RPSM03105522 - Technical Pages: Protecting pension rights from tax charges: Lump sums: Scheme specific protection: Block transfer issues

Problems with making a block transfer to a scheme that already has protection of lump sums exceeding 25% for an individual

[Para 31(9) Sch 36]

Protection of lump sum rights exceeding 25% is not fully effective where a transfer results in a scheme containing two or more tranches of lump sums exceeding 25% for an individual.

Lump sum protection under Finance Act 2004 was originally written on the basis that a block transfer could not be made where the individual was already a member of the scheme receiving the transfer.

Where there is a block transfer continuing protection is given by treating the scheme receiving the block transfer as if it were the scheme making the transfer for the purposes of establishing the maximum pension commencement lump sum the individual can receive. This protection clearly works where the receiving scheme has only received one block transfer for the individual and it was not previously a protected pension scheme for that individual.

Changes made by FA 2005 and the Registered Pension Schemes (Block Transfers) (Permitted Membership Period) Regulations 2006 – SI 2006/498 – mean that a block transfer can be made where an individual has been a member of the receiving scheme for no more than 12 months before the date of the transfer. This means that

  • a scheme can receive more than one block transfer in respect of an individual, or
  • a block transfer can be made to a scheme under which an individual already has protection for lump sums exceeding 25%.

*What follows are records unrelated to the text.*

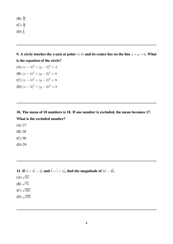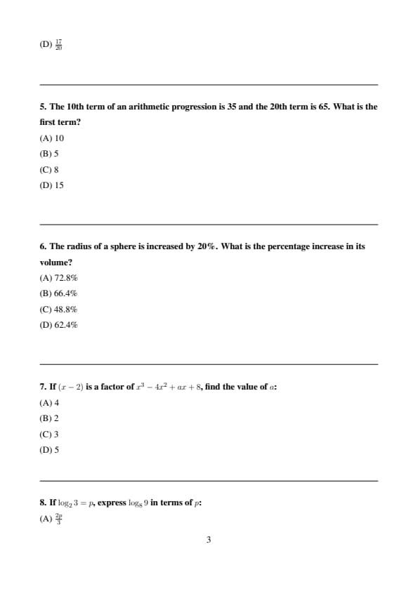| Mathematics | Moderate to Tough | Long calculations, topics from Algebra |
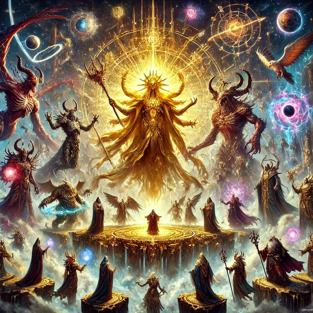 - Description: The Golden Being is the supreme creator of Tyranor, embodying unity, divine knowledge, and the perfection of cosmic order. Though silent and distant, his influence is felt across the world as a guiding force of stability, progress, and ultimate enlightenment.
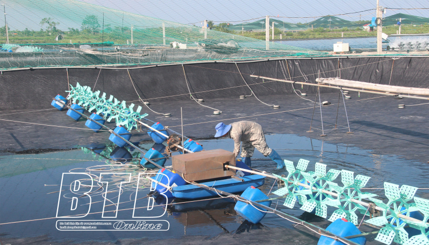 Nuôi tôm theo hướng công nghệ cao tại Thái Bình.
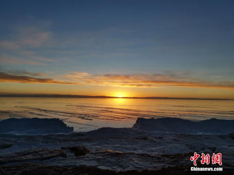 俯瞰冬日青海湖現(xiàn)冰封奇觀

There are problems with how protection operates where a transfer results in an individual having more than one tranche of lump sum rights exceeding 25% in a single pension scheme.

As protection on block transfers work by treating the receiving scheme as if it were the transferring scheme protection can only be given to one (not all) tranche(s) of protected lump sums for an individual. The legislation is drafted to give protection both to an ‘original’ protected pension scheme and a scheme receiving a block transfer. The interaction of the legislation is such that it is the value of the lump sum held on 5 April 2006 (the ‘condition A’ lump sum’) that is protected. Protection for the lump sum rights being transferred is lost even though the transfer is a block transfer.

The difficulties of this situation can be avoided by not making block transfers to schemes that are already protected or have already received a block transfer of lump sum rights exceeding 25% for the individual.